Reverse Transcoding the Ciphertext
To test our theory, the most straightforward way was to run some of the captured ciphertext data through the transcoding algorithm and see what came out the other end.
In our search for the TUTK SDK, we found some libIOTCAPIs.so that was compiled for x86_64. This simplified our work, as that library also contained the function in question. Instead of recoding from the Ghidra source code, we simply compiled a small program and linked it against the official binary, making the library do nearly all the work for us.
The ReverseTransCodePartial function was marked as static, meaning that it was not exported by default. This means that introduction of the (guessed) prototype would be insufficient, because linking would fail for symbol visibility reasons. This is not a problem at all, however, since we can simply choose any exported symbol and compute the offset in the binary, then reference that in our C code. Obviously, absolute offsets cannot be used because ASLR means that the library is always present at different locations in the virtual address space of our process for different runs.
We then ran this process on some of our captured data, and it was clearly successful, as the following decrypted packet shows:
This was one of the packets that appeared early in the stream, and it appears to contain a username/password authentication in plain text.
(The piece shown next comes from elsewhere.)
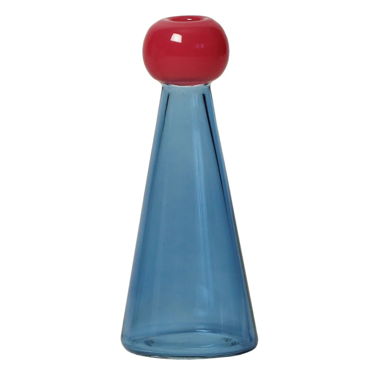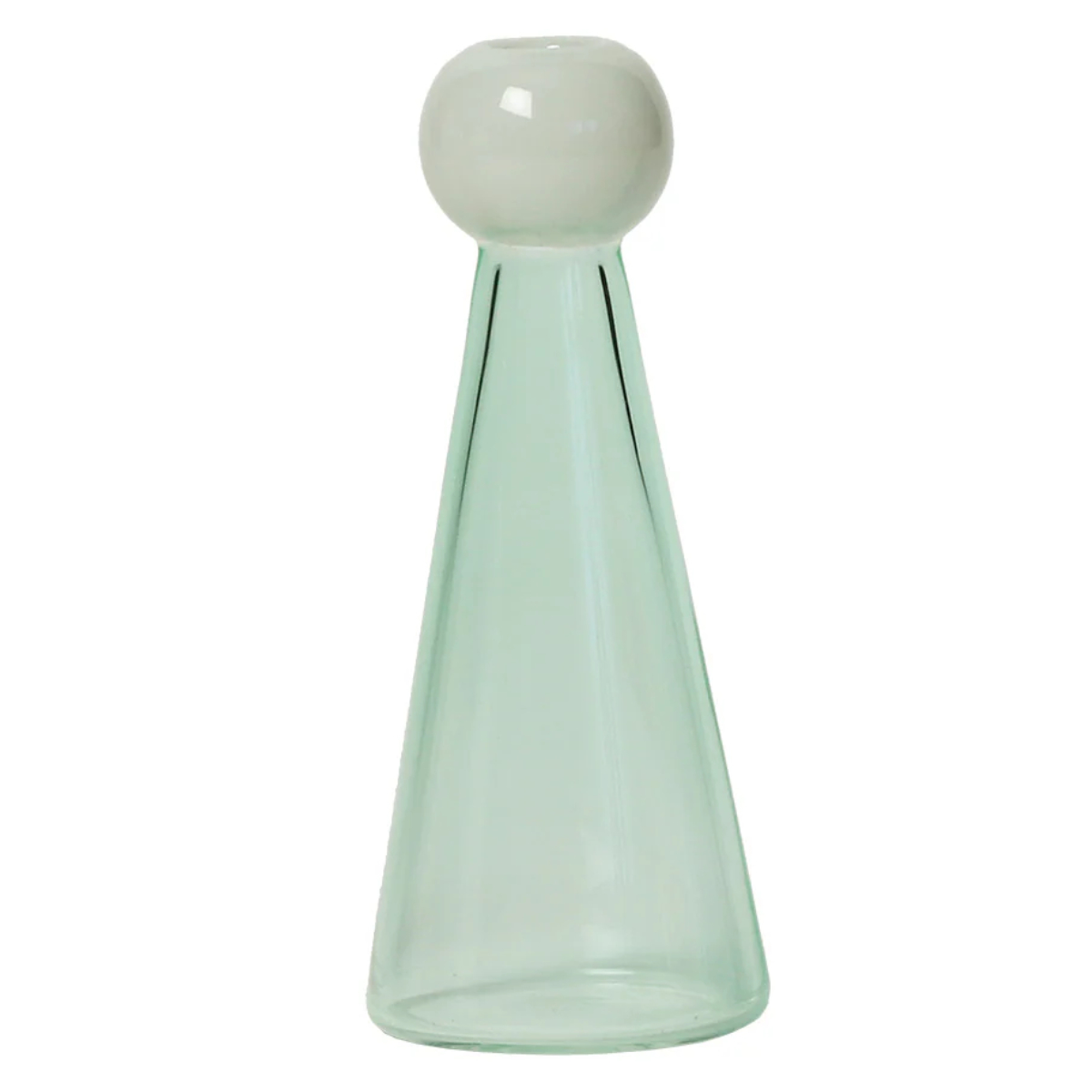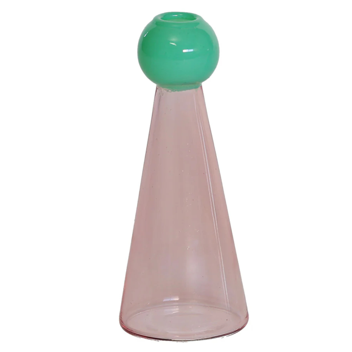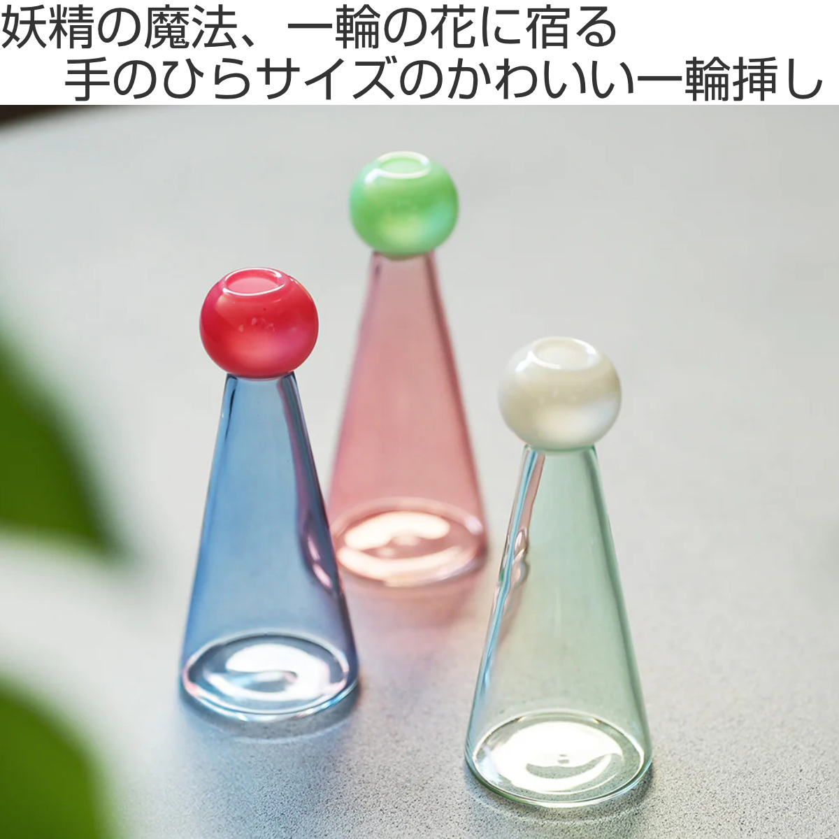 キャンディのような色合いと、ころんとしたフォルムが可愛らしい一輪挿し。透明感溢れるガラス素材に上品なパステルカラーをまとった円錐型のボディと球体型の口もとがガラスビーズのよう。ドライフラワーや枝物との相性も抜群です。
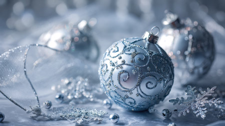 Beautiful silver Christmas ornaments set against a sparkling bokeh backdrop. Ideal for festive themes, holiday decorations, and winter celebrations, conveying warmth and joy.

Extracting the Video Stream
To demonstrate that our reverse transcoding ability was sufficient to view the video stream, we applied it to all the data and looked at the plain text. Some of the frames clearly contained what appeared to be compressed data, such as the following:
The header in that file was reminiscent of an H.264 transport stream. To that end, we looked up the ITU-T specification (ITU-T H.264 Series H: Audiovisual and Multimedia Systems, Infrastructure of Audiovisual Services - Coding of Moving Video) and the contained Network Abstraction Layer Units (NALUs) to identify where we would need to start extracting data. We then pointed the CCTV camera toward a smartphone, which played back a YouTube video so that we would have lots of moving data. Finally, we wrote a script that would reverse transcode the stream data and concatenate it so we could successfully play it back using MPlayer:
This meant we could positively verify that the data transmitted over the internet in a non-local scenario was not encrypted, only obfuscated using the Transcode function. Anyone eavesdropping on the communication stream could not only extract the login information of the camera, but also view and modify the video stream itself. Contrary to the marketing claim made by VTech, at no point did we identify AES-128 as being used to encrypt data for the firmware version we have analyzed.
We have disclosed the issue to VTech following UL’s internal responsible disclosure process.
Sensitive data must be protected using appropriate means if the data is to be kept secure. Custom cryptography, such as the obfuscation layer we saw in this product, might look secure, but it certainly does not hold up to any level of scrutiny. As we have clearly demonstrated, it is possible — with relatively low effort — to identify in a completely black-box scenario what kind of custom obfuscation is used and how to reverse this to reveal the data. We strongly encourage our customers to use proven and tested means of encryption and authentication of data, such as TLSv1.3, and, ideally, protect data in a true end-to-end fashion, so that even a compromised backend does not affect the integrity of customer data.